“The Great Gatsby” review of Broadway’s new take on Scott Fitzgerald’s masterpiece

This is a very twenty-first century take on Gatsby. We seem to demand more from musical theatre than just the telling of a story, memorable songs and competent “appropriate” staging. We want glitz, and glamour and pizzazz in spades. And we certainly get it in the Broadway Theatre’s “The Great Gatsby”.

The quite young audience seemed to love it when I went this week and that has to be good. With so many other claims on their attention to bring the millennials to live theatre is terrific.

Scott Fitzgerald, however, is about more than storytelling however well he does it. “The Great Gatsby” is a deeply cynical novel about the haves and the have nots. – about the loaded and the struggling. To stop struggling and advance in that world you can’t be overburdened with a social conscience. Clear echoes of today in that reality !

The new staging of Gatsby gave us the sex and booze and drugs and privilege. But it also gave us the rock and roll, at least the interwar years version of it. It was loud and brash and almost entirely unmemorable. Nobody left the theatre humming the songs – Rodgers and Hammerstein or Lerner and Loewe it wasn’t!

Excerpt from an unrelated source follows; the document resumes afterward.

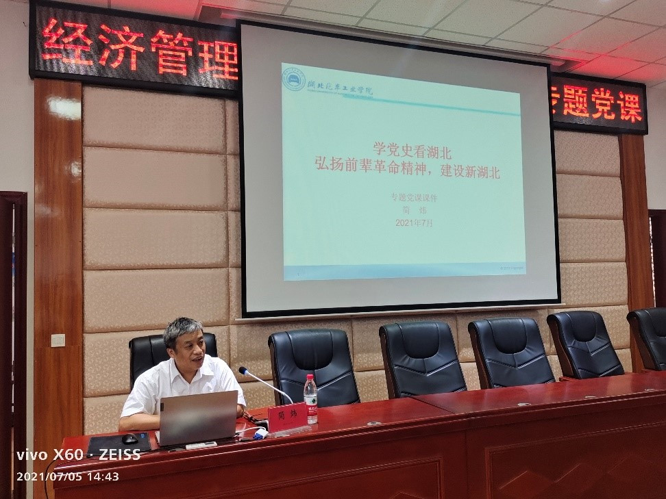 简炜以“学党史看湖北,弘扬前辈革命精神,建设新湖北”为题,回顾了新民主主义革命时期,党的成立、发展、壮大的艰苦卓绝的斗争史和光辉历程,同时讲授了湖北省在新民主主义革命时期的重要地位、湖北共产党人和湖北人民为推翻三座大山、为抗战胜利、为取得新民主主义革命胜利作出的巨大牺牲和重大贡献。

R&H tackled difficult subjects, placed ballet in their works and gave us melody after melody. Stephen Sondheim did the same as did Andrew Lloyd Webber. “ The Great Gatsby did none of this – it resembled a Juke Box Musical with no songs we knew in the Juke Box.

So entertainment in the modern style with panache, special effects, superb dance and staging. The youthful audience stood screaming at the end. I wonder how many of them will now buy the novel?